▶ _What you are asked to do_: Type out the lines below exactly, from the first through the line holding "Terranova Life Drink", and include no pictures.

▶ _Provided material_:

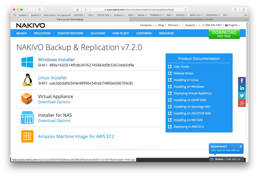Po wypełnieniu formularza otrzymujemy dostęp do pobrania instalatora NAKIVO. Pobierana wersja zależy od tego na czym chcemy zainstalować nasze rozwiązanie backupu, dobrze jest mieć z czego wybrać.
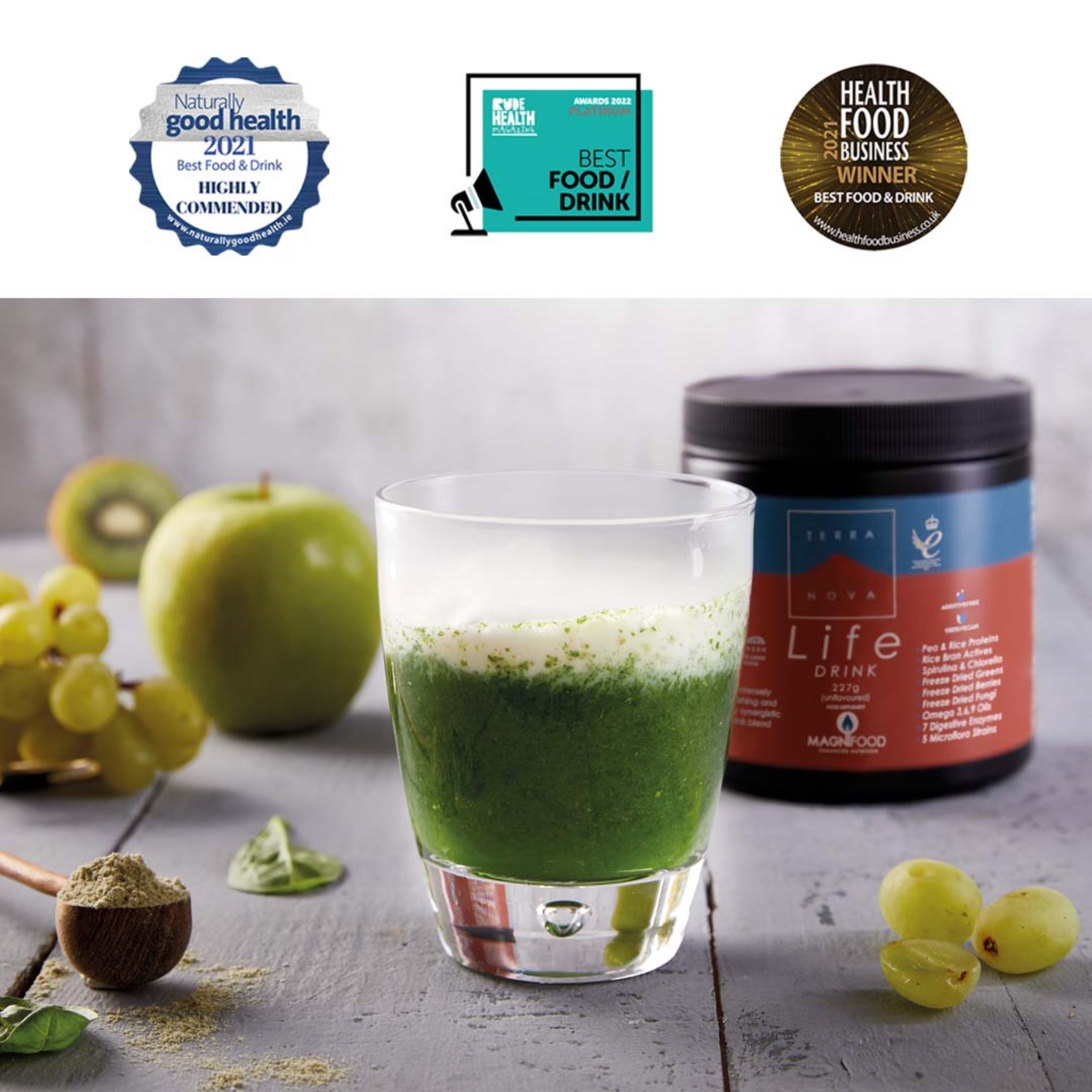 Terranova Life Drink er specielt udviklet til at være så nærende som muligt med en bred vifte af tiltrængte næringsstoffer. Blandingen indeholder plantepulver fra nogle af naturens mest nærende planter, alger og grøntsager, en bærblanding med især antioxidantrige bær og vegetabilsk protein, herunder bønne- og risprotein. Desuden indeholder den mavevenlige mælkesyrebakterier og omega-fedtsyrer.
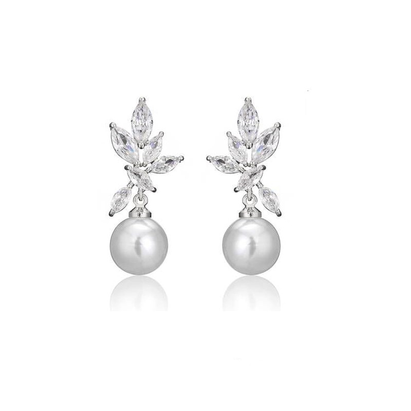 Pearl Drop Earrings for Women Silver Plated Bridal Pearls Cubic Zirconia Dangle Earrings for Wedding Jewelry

▶ _Your solution_:
Po wypełnieniu formularza otrzymujemy dostęp do pobrania instalatora NAKIVO. Pobierana wersja zależy od tego na czym chcemy zainstalować nasze rozwiązanie backupu, dobrze jest mieć z czego wybrać.
 Terranova Life Drink er specielt udviklet til at være så nærende som muligt med en bred vifte af tiltrængte næringsstoffer. Blandingen indeholder plantepulver fra nogle af naturens mest nærende planter, alger og grøntsager, en bærblanding med især antioxidantrige bær og vegetabilsk protein, herunder bønne- og risprotein. Desuden indeholder den mavevenlige mælkesyrebakterier og omega-fedtsyrer.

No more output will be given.